There are two different types of muscle fibers: fast-twitch muscle fibers, which are used for fast, powerful contractions and slow-twitch muscle fibers, which are used for slow, long-lasting contractions
The sliding filament model states that the thick and thin filaments slide past each other so that their degree of overlap increases. This is dependent on the interaction between the actin and myosin molecules that make up the thin and thick filaments
http://www.bgsu.edu/departments/chem/midden/chem308/MCO_Files/molecule.jpeg
Muscle cells contract when stimulated by a motor neuron.
In the first stage of muscle contraction, muscle contraction is stimulated by an action potential in a motor neuron that makes as synaptic connection with the muscle cell releases acetylcholine at the neuromuscular junction. This depolarizes the muscle cell and triggers the action potential.
In the second stage of muscle contraction, the action potential spreads along T tubules (transverse tubules); changes the permeability of the sarcoplasmic reticulum to calcium ions, and the newly released calcium ions bind to troponin and cause it to move, exposing the myosin sites on the actin; the muscle contracts.
http://www.octc.kctcs.edu/GCaplan/anat/images/Image331.gif

The End


Review Questions:
1. All of the following are involved in the contraction of muscle cells EXCEPT:
a) actin
b) cAMP
c) mysoin
d) tropomyosin
e) troponin

2. Muscle cells are stimulated by neurotransmitters released from the tips of
A) T tubules
B) motor cell axons
C) motor cell dendrites
D) sensory cell dendrites
E) sensory cell axons

3. Which of the following does not form part of the thin filaments of a muscle cell?
a) tropomyosin
b) calcium-binding site
c) troponin
d) myosin
e) actin

Answers:
1. b
2. b
3. d

Don't forget that the chapter 49 and 50 take home quiz is due on Friday!
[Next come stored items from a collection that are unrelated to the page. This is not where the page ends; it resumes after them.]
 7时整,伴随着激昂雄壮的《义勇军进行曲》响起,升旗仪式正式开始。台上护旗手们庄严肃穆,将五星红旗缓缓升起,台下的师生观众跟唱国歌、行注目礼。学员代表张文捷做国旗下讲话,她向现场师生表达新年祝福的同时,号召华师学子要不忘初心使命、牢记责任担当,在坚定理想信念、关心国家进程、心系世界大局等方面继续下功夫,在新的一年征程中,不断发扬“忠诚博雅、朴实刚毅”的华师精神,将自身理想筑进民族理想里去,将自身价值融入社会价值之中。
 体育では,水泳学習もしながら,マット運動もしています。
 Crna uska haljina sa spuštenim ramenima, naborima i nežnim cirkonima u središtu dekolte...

We only have two weeks left until the AP Exam so it's time to start reviewing. . . Remember, about 25% of the exam will be on Molecular and Cellular Biology (Chemistry of Life, Cells, Cellular Energy), about 25% will be on Genetics and Evolution (Heredity, Molecular Genetics, Evolutionary Biology) and about 50% will be on Organisms and Populations (Structure and Function of Plants and Animals, Ecology, Taxonomy of Organisms).

Friday, April 24, 2009

CHAPTER 50: Sensory and Motor Mechanisms

Hello AP Bio, These are yesterdays (Thursdays) notes. It's not a lot we kinda ran through them pretty fast. Mrs. Lyon will go more into depth today.
Mechanoreceptors
are receptors stimulated by physical stimuli, such as pressure, touch, stretch, motion, or sound
Thermoreceptors respond to either heat or cold and help maintain body temperature by keeping the core temperature stable.

Chemoreceptors transmit information about solute concentration in a solution. Gustatory (taste) receptors and olfactory (smell) receptors are two types of chemoreceptors.

Photoreceptors and Vision

Compound Eyes (in insects and crustaceans) consist of up to several thousand light detectors called ommatidia, each of which has its own lens.
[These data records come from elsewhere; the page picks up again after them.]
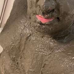 Kimmokay chilled in a hot tub full of clay with megapies
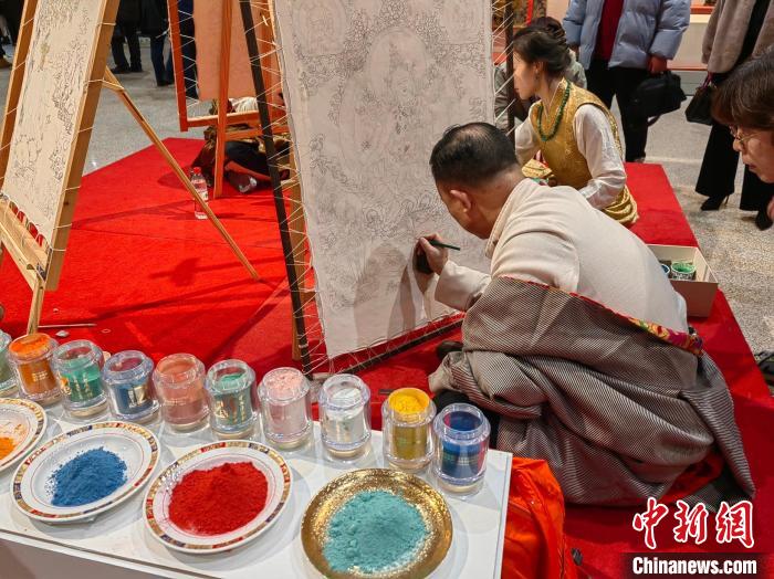 唐卡非遺傳承人在現(xiàn)場展示。應(yīng)妮攝
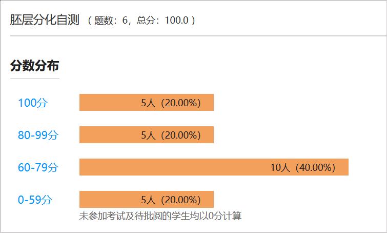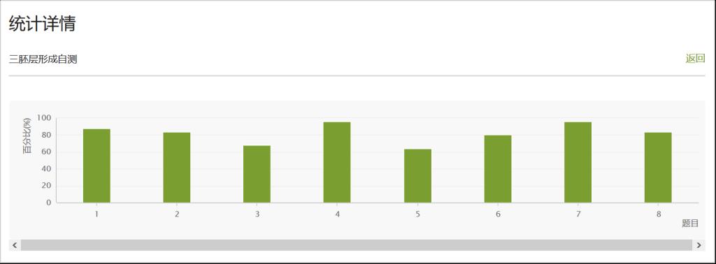 课堂开展同步的交互式学习:首先对课前的自测情况做简要点评(图10);其次对布置的课后主观题作业(人类成功受孕的条件)进行学生互评,该作业基于教材中的“插入框”“子宫内膜容受性”延伸,每人将评价3位学生的作业,经充分的讨论,与学生形成基本一致的意见。以上在30min内完成。

Single-lens eyes are found in vertebrates and some invertebrates.

The eyeball in single-lens eyes is made up of two outer layers, the sclera (which in the front of the eye is the cornea-responsible for acting as a lens) and the choroid. The eyeball also contains the pupil, which is the hole in the center of the iris, and the retina, which contains the photoreceptor cells.
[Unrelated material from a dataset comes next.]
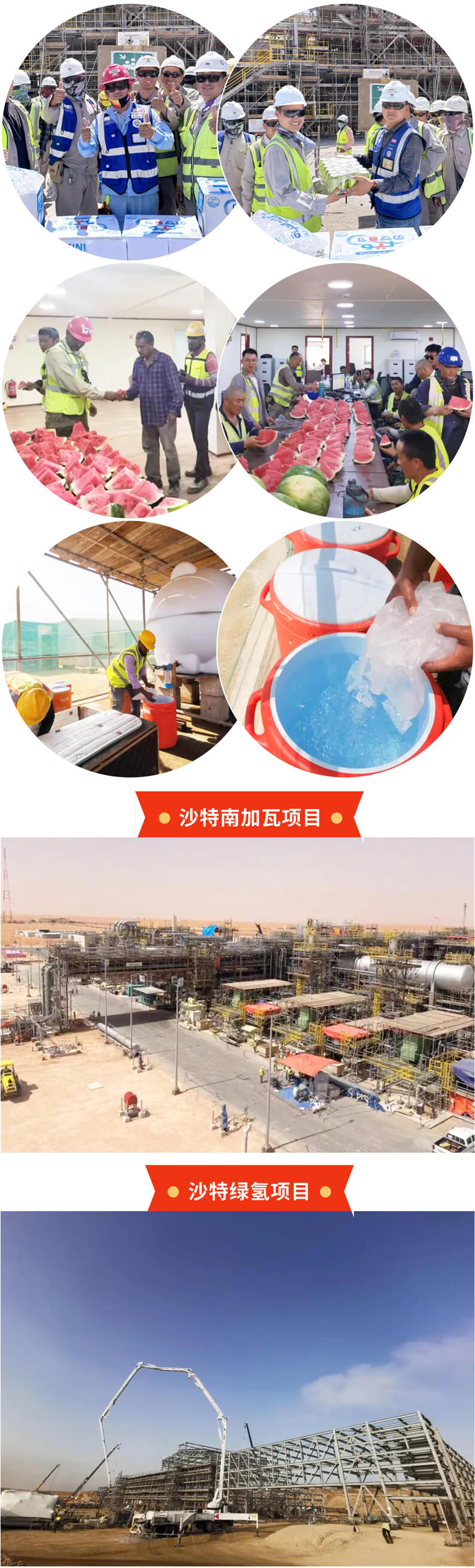 为做好防暑降温工作,保障广大参战员工健康安全,近日,沙特分江南(中国)南加瓦项目经理部和绿氢项目经理部分别组织开展“情系一线 夏送清凉”活动。
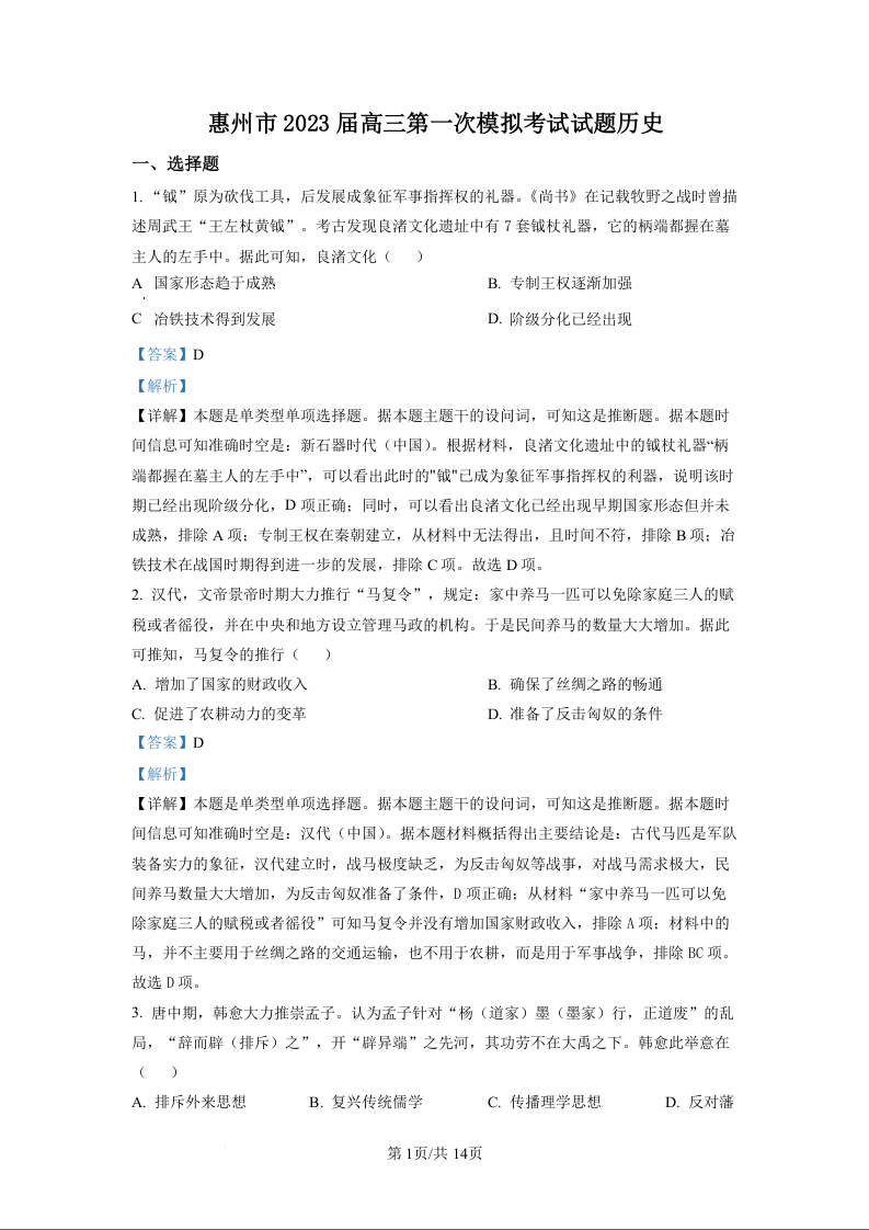 高三历史(精品解析版)--广东省惠州市2023届高考一模考试(惠州一模)

The sclera is an extension of the cornea.
Aqueous humor fills the anterior cavity of the eye, and the vitreous humor fills the posterior cavity of the eye.

The retina contains rod cells and cone cells, two types of photoreceptors.

Rhodopsin is the light-absorbing pigment that triggers a signal transduction pathway that ultimately leads to sight.

Identify the part of a single-lens eye with this link:
http://courses.washington.edu/chordate/453photos/skull_photos/human_ear_ossicles.jpg

Hearing and Equilibrium

There are three regions in the mammalian ear.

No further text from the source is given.